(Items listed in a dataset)
────────────────────────────────────────

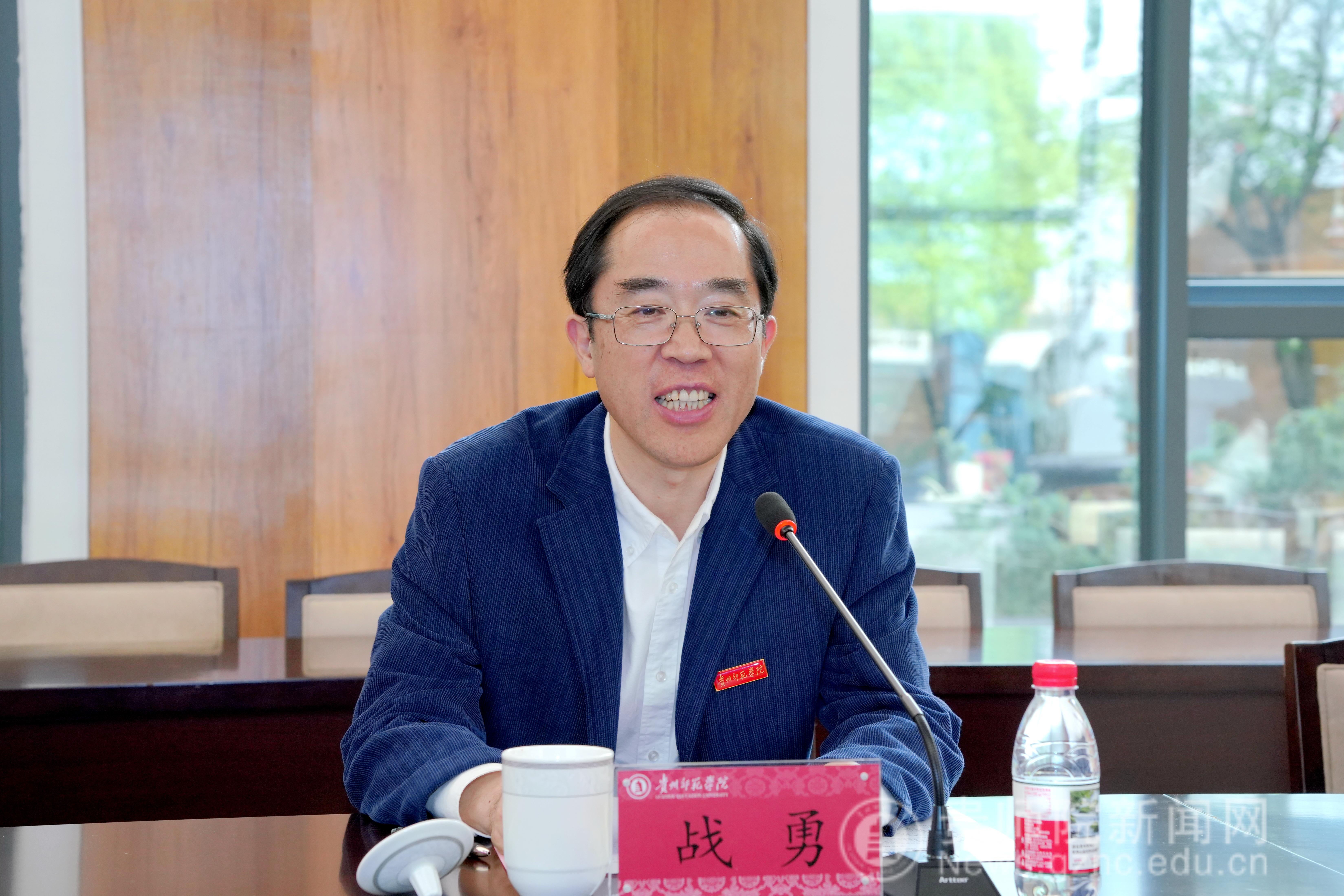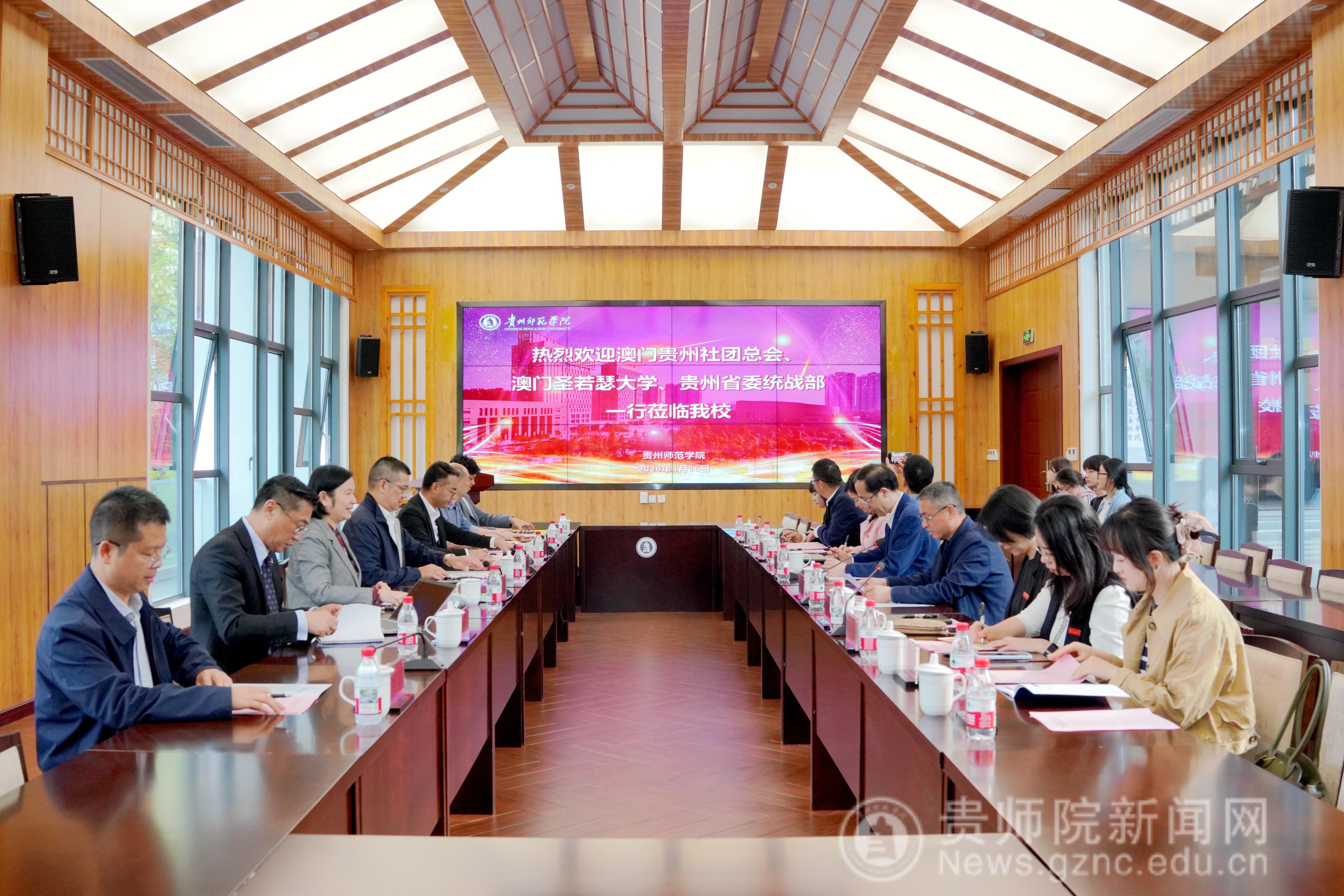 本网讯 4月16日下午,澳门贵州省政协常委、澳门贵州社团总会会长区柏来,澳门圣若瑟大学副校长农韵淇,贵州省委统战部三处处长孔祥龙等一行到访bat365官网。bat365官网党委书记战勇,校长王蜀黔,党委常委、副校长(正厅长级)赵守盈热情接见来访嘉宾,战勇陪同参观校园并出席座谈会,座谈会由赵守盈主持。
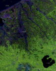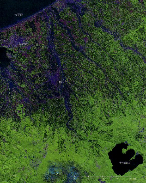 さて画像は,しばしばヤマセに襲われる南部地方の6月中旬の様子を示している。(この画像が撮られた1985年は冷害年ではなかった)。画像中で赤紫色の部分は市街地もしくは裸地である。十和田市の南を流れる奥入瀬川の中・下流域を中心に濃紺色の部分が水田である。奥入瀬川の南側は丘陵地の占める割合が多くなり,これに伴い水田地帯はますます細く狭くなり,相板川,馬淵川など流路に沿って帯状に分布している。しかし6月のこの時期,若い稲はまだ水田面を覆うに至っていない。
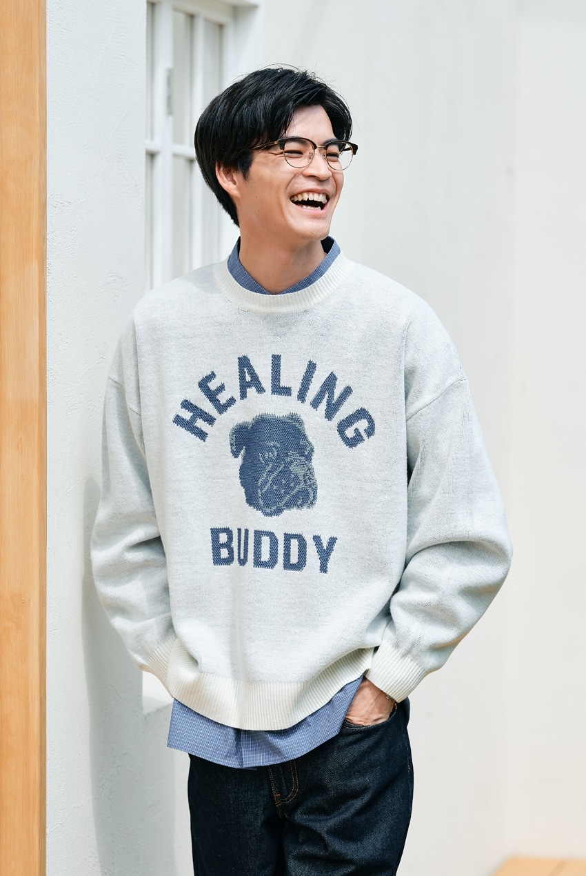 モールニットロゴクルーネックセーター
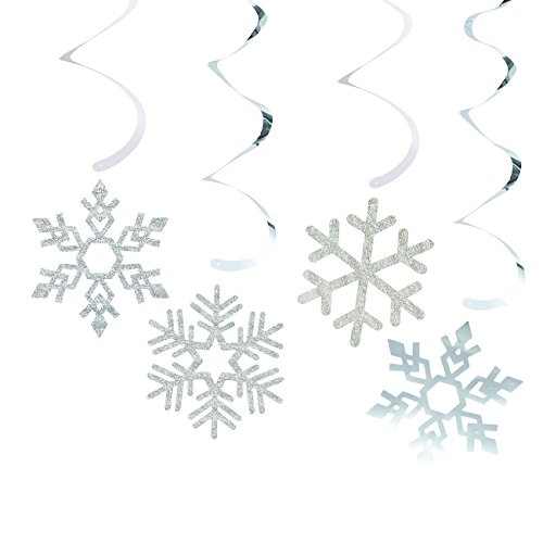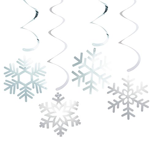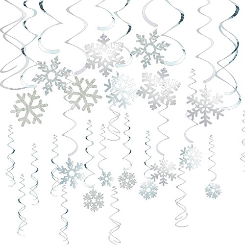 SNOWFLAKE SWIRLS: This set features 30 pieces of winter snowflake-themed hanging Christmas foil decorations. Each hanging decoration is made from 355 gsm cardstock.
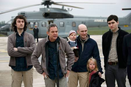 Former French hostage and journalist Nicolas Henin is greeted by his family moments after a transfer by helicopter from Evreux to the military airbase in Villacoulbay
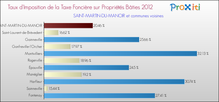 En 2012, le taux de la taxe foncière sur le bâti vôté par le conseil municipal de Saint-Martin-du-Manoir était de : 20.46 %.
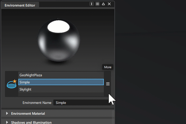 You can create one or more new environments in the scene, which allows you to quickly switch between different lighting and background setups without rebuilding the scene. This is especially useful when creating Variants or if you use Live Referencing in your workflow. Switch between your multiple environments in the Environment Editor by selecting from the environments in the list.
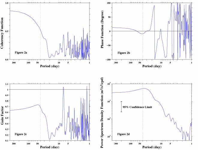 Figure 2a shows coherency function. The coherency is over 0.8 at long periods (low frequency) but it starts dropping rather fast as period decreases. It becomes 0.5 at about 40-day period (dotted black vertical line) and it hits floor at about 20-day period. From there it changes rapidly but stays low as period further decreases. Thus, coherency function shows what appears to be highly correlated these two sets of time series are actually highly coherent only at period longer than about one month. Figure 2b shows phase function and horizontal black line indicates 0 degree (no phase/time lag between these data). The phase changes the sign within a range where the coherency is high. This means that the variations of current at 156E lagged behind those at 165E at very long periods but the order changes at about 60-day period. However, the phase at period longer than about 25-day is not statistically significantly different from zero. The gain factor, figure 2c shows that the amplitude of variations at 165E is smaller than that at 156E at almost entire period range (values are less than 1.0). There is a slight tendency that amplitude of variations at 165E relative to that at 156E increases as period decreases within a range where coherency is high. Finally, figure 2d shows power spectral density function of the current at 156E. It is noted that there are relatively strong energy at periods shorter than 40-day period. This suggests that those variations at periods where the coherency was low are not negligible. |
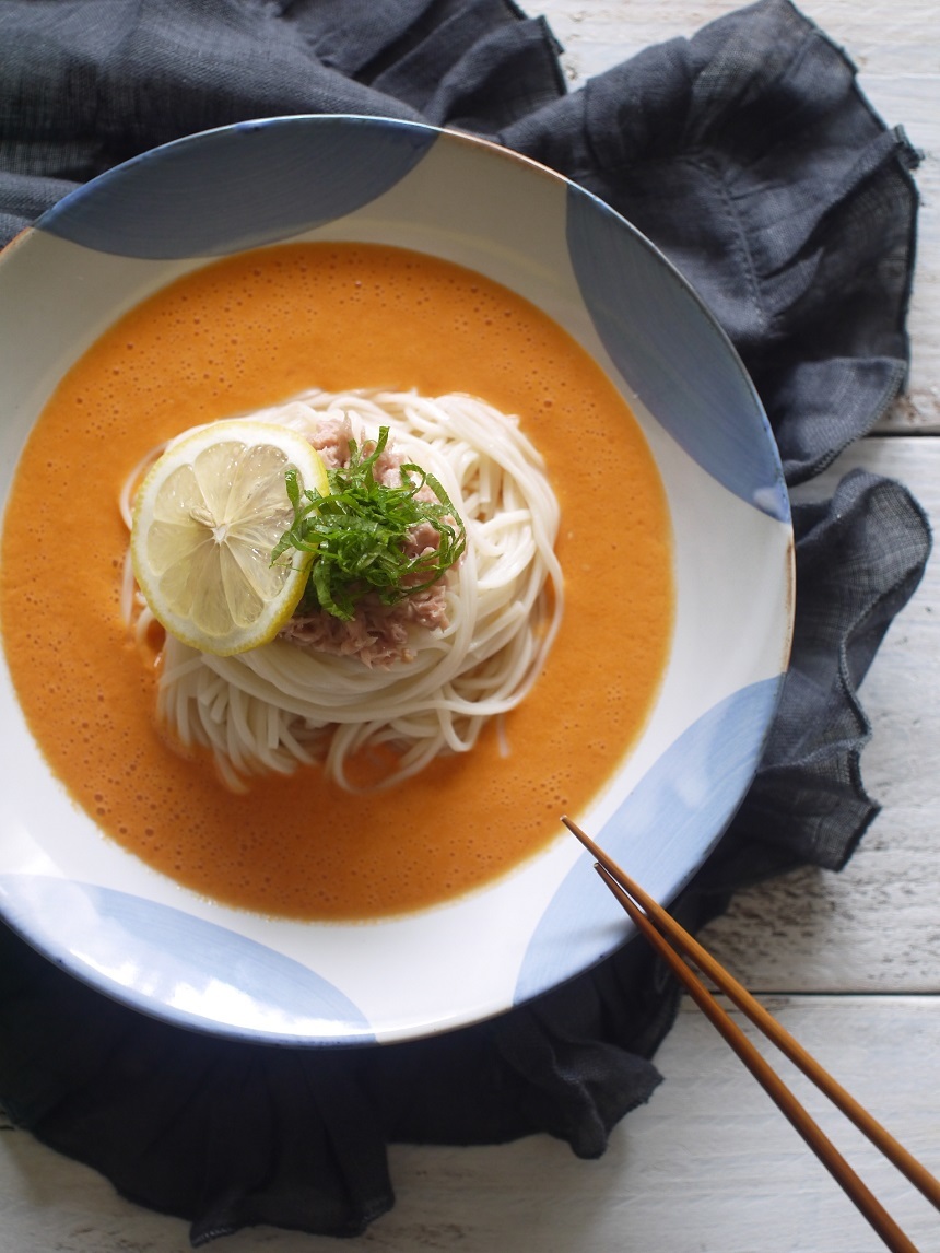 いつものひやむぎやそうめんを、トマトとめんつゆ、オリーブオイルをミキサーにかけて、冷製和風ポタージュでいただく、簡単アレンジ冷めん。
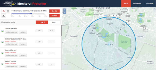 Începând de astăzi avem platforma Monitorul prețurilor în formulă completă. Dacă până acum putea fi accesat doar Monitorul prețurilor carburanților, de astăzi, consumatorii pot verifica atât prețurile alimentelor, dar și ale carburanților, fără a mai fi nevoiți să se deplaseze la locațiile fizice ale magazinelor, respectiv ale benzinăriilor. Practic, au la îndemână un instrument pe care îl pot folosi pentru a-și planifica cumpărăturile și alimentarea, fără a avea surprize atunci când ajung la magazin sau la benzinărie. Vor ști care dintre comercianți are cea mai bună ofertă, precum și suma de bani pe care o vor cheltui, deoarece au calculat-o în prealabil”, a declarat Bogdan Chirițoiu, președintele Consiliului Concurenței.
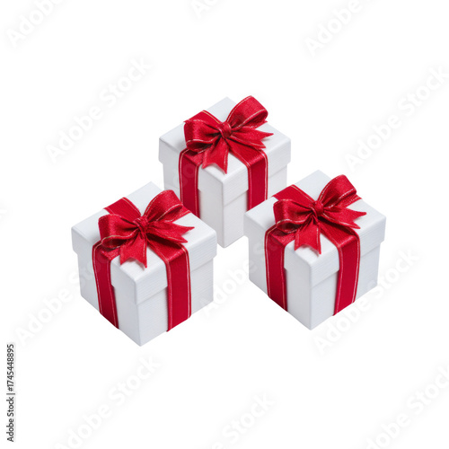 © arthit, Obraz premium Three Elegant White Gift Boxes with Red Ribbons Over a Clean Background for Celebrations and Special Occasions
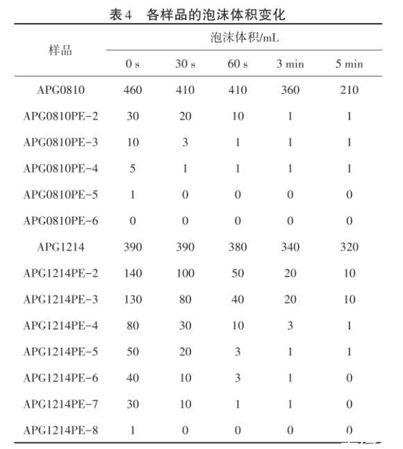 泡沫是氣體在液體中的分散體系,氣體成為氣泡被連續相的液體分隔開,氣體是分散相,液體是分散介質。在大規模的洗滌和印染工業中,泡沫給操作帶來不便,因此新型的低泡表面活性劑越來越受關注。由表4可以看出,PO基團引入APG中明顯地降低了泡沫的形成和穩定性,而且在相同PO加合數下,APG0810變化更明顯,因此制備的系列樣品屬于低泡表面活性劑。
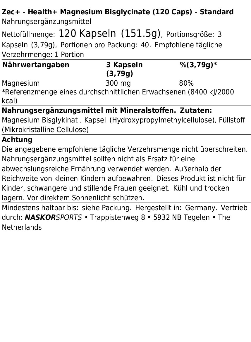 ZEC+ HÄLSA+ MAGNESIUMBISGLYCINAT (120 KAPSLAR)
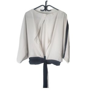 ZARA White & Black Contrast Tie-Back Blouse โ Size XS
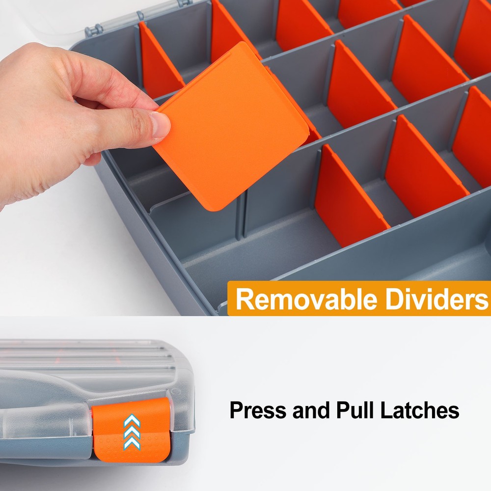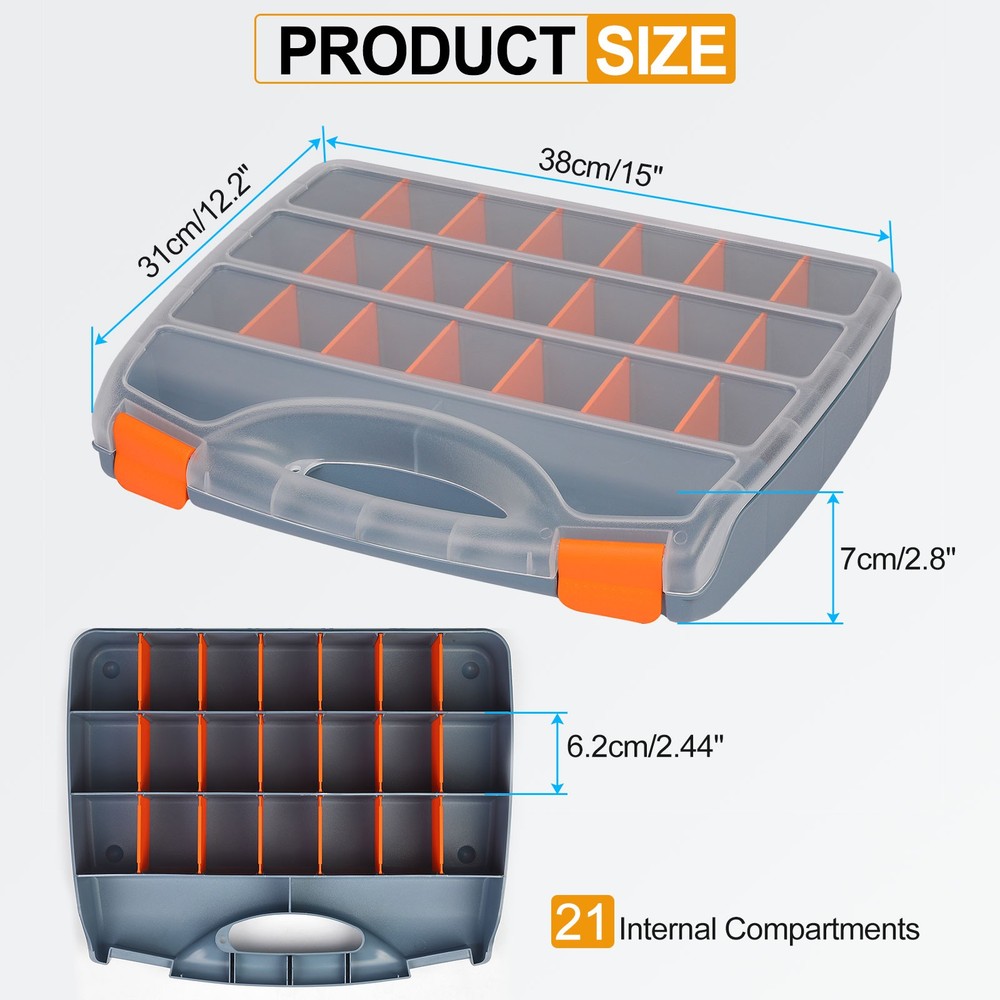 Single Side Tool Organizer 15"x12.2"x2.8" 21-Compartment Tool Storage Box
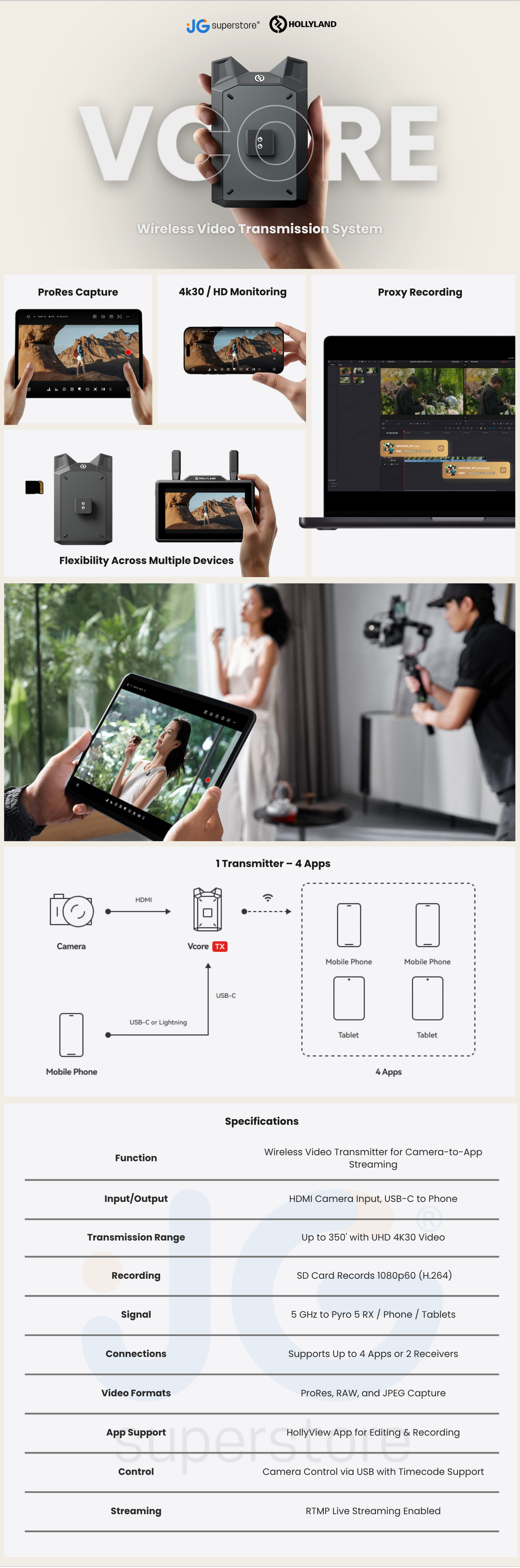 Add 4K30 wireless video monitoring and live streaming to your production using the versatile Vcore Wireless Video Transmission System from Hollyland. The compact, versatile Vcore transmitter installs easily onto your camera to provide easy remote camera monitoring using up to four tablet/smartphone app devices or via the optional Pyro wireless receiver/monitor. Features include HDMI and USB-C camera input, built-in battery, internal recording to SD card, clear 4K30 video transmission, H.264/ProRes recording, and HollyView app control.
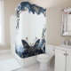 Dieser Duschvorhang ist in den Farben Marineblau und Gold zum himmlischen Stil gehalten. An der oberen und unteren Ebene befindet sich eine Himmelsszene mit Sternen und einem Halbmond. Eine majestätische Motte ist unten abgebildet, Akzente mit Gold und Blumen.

────────────────────────────────────────

= What to work on =
Above are the records. Copy word for word only their lines from the one holding "Figure 2a shows" through the one holding "いつものひやむぎやそうめんを", both included, and skip the images.

= Written solution =
 Figure 2a shows coherency function. The coherency is over 0.8 at long periods (low frequency) but it starts dropping rather fast as period decreases. It becomes 0.5 at about 40-day period (dotted black vertical line) and it hits floor at about 20-day period. From there it changes rapidly but stays low as period further decreases. Thus, coherency function shows what appears to be highly correlated these two sets of time series are actually highly coherent only at period longer than about one month. Figure 2b shows phase function and horizontal black line indicates 0 degree (no phase/time lag between these data). The phase changes the sign within a range where the coherency is high. This means that the variations of current at 156E lagged behind those at 165E at very long periods but the order changes at about 60-day period. However, the phase at period longer than about 25-day is not statistically significantly different from zero. The gain factor, figure 2c shows that the amplitude of variations at 165E is smaller than that at 156E at almost entire period range (values are less than 1.0). There is a slight tendency that amplitude of variations at 165E relative to that at 156E increases as period decreases within a range where coherency is high. Finally, figure 2d shows power spectral density function of the current at 156E. It is noted that there are relatively strong energy at periods shorter than 40-day period. This suggests that those variations at periods where the coherency was low are not negligible. |
 いつものひやむぎやそうめんを、トマトとめんつゆ、オリーブオイルをミキサーにかけて、冷製和風ポタージュでいただく、簡単アレンジ冷めん。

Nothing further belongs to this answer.